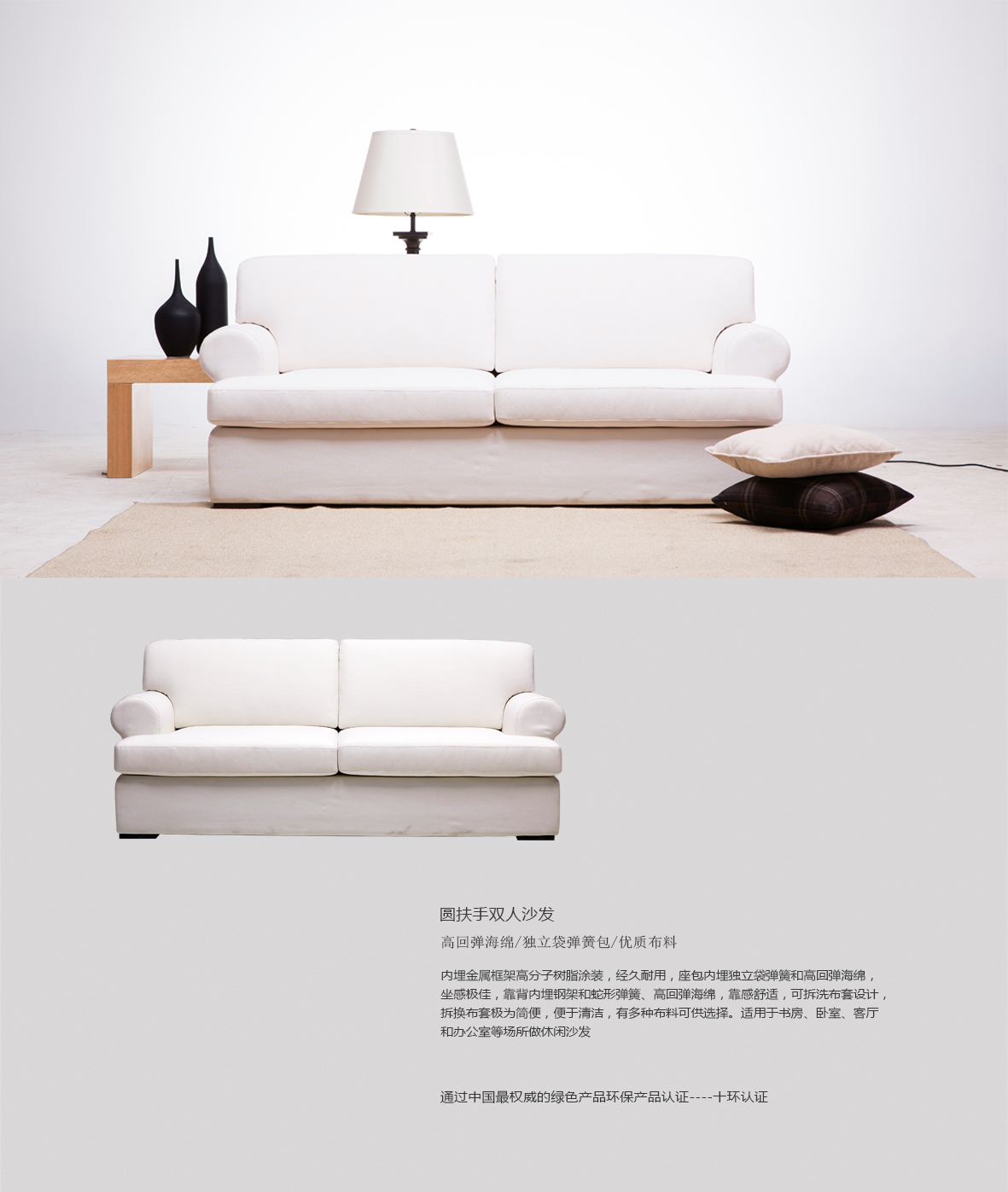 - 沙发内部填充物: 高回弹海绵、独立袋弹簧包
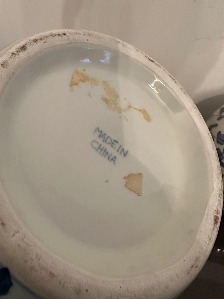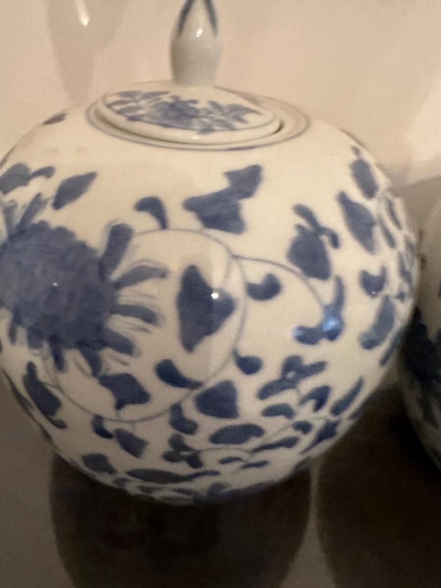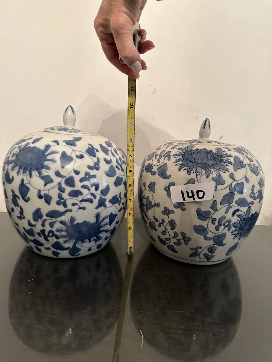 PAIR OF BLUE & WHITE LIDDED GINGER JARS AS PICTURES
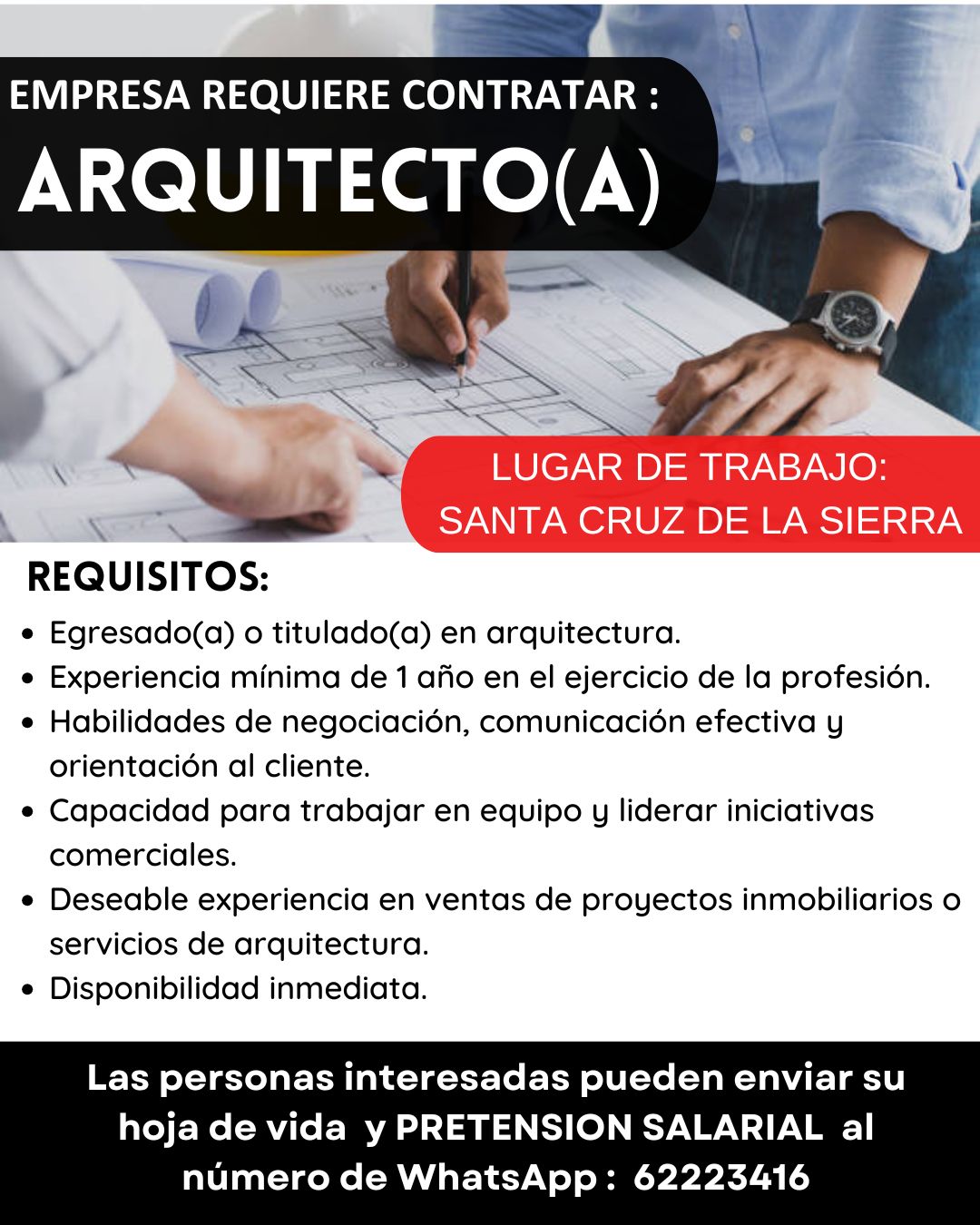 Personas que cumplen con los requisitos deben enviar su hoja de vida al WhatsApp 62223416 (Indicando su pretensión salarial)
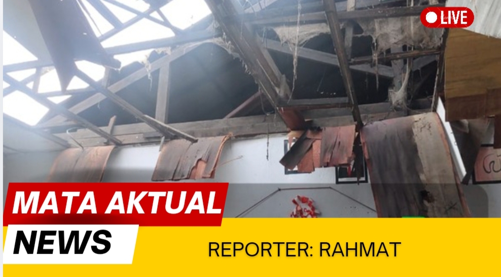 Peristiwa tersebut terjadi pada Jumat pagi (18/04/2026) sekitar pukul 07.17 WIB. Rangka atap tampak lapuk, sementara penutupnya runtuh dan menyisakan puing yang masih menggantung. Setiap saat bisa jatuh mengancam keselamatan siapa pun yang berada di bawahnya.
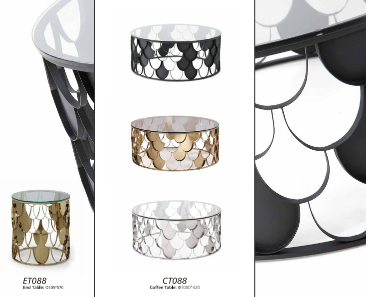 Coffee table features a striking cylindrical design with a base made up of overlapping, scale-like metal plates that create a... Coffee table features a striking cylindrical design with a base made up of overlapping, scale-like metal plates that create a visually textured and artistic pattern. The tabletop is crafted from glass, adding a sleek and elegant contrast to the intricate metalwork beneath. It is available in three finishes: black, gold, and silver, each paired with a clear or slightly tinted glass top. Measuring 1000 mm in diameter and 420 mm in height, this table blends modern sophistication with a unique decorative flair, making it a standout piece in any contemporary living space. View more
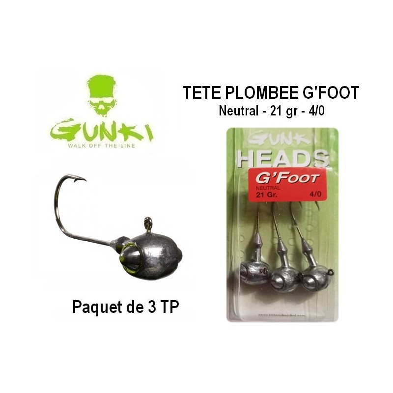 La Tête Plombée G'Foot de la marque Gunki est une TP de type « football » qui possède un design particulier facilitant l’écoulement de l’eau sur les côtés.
++++++
• What to do:
Set down every entry above verbatim, without pictures.

• Response for this exercise:
 - 沙发内部填充物: 高回弹海绵、独立袋弹簧包
 PAIR OF BLUE & WHITE LIDDED GINGER JARS AS PICTURES
 Personas que cumplen con los requisitos deben enviar su hoja de vida al WhatsApp 62223416 (Indicando su pretensión salarial)
 Peristiwa tersebut terjadi pada Jumat pagi (18/04/2026) sekitar pukul 07.17 WIB. Rangka atap tampak lapuk, sementara penutupnya runtuh dan menyisakan puing yang masih menggantung. Setiap saat bisa jatuh mengancam keselamatan siapa pun yang berada di bawahnya.
 Coffee table features a striking cylindrical design with a base made up of overlapping, scale-like metal plates that create a... Coffee table features a striking cylindrical design with a base made up of overlapping, scale-like metal plates that create a visually textured and artistic pattern. The tabletop is crafted from glass, adding a sleek and elegant contrast to the intricate metalwork beneath. It is available in three finishes: black, gold, and silver, each paired with a clear or slightly tinted glass top. Measuring 1000 mm in diameter and 420 mm in height, this table blends modern sophistication with a unique decorative flair, making it a standout piece in any contemporary living space. View more
 La Tête Plombée G'Foot de la marque Gunki est une TP de type « football » qui possède un design particulier facilitant l’écoulement de l’eau sur les côtés.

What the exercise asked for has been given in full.